**THE DATA**:

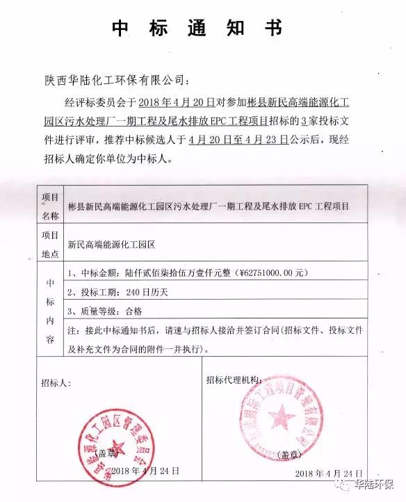 2018年4月24日,陜西華陸化工環(huán)保有限公司成功中標(biāo)彬縣新民高端能源化工園區(qū)污水處理廠一期工程及尾水排放EPC工程項(xiàng)目(以下簡(jiǎn)稱:中標(biāo)項(xiàng)目),中標(biāo)金額為6275.1萬元。
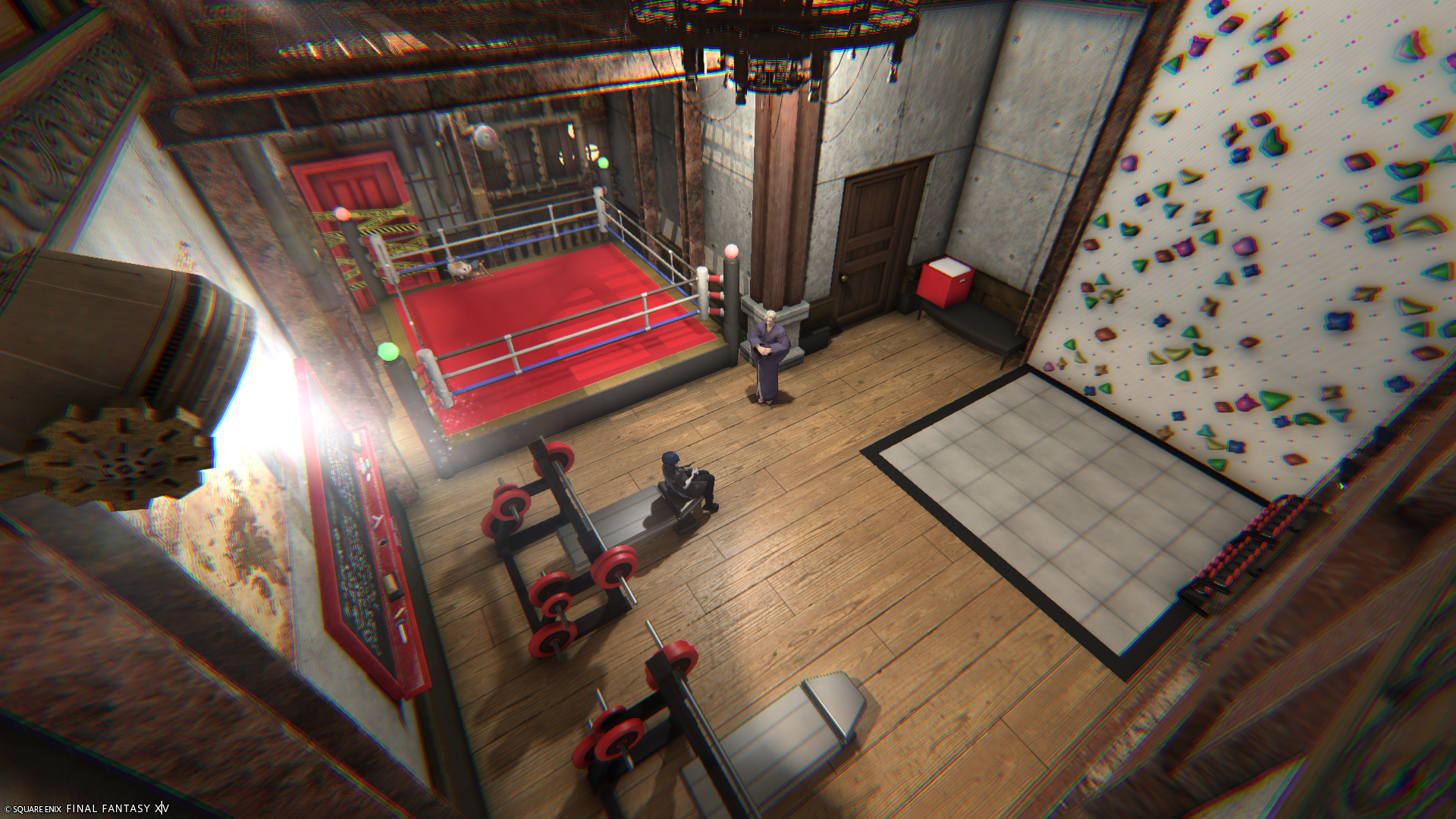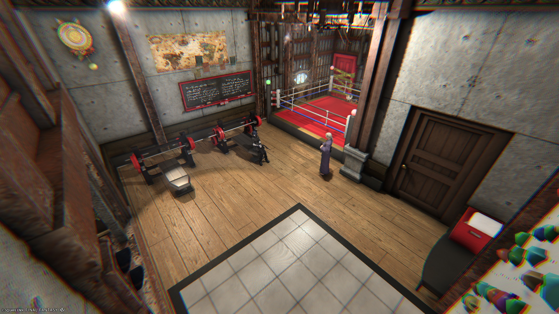 赤ベースで、新しいトレーニング家具を置いてみたり、ボクシング用のミニステージを置いたり、
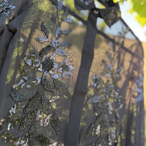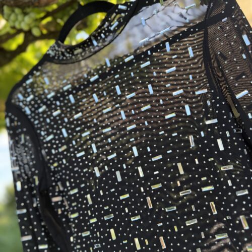 Farbe: Black Material: 95 % Polyester, 5 % Elasthan Hochwertige Bodybluse in Transparent mit schwarzen Pailletten und Druckknöpfen. Passt sich dem Körper perfekt an, ideal für Turniere. Größe Brust Taille Hüfte Arm S/M 78 70 76 56 M/L 80 72 80 57
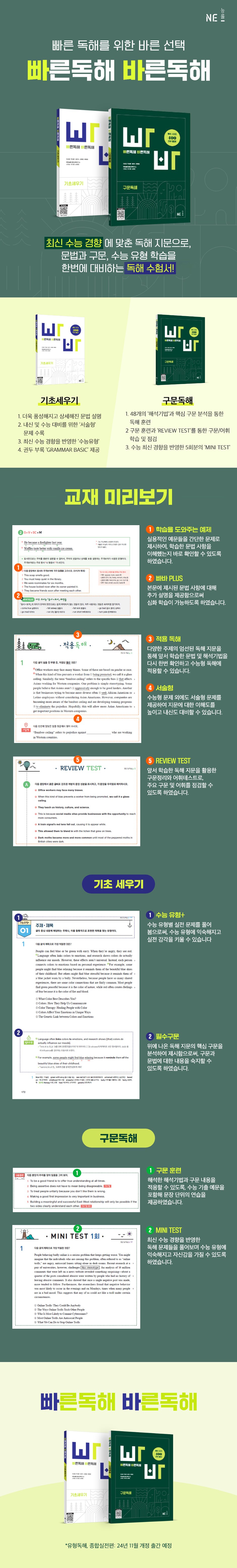 | 도서명 | 빠른독해 바른독해 구문독해(온오프세트) | 저자, 출판사 | NE능률 영어교육연구소, NE능률 |
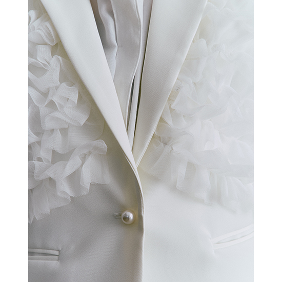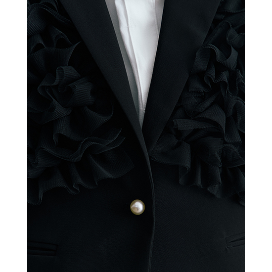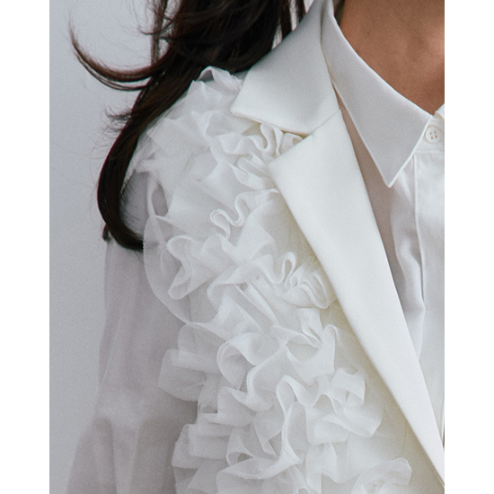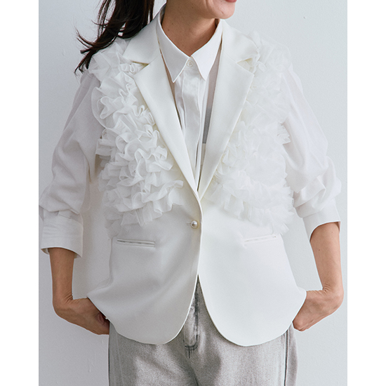 軽やかなチュール素材をドッキングしカチッとしすぎない柔らかい印象に。

**WHAT YOU HAVE TO DO**:
Give back exactly the lines above that run from the one with "赤ベースで、新しいトレーニン" to the one with "Farbe: Black Material: 95", including both, with the pictures left out.

**ANSWER BOX**:
 赤ベースで、新しいトレーニング家具を置いてみたり、ボクシング用のミニステージを置いたり、
 Farbe: Black Material: 95 % Polyester, 5 % Elasthan Hochwertige Bodybluse in Transparent mit schwarzen Pailletten und Druckknöpfen. Passt sich dem Körper perfekt an, ideal für Turniere. Größe Brust Taille Hüfte Arm S/M 78 70 76 56 M/L 80 72 80 57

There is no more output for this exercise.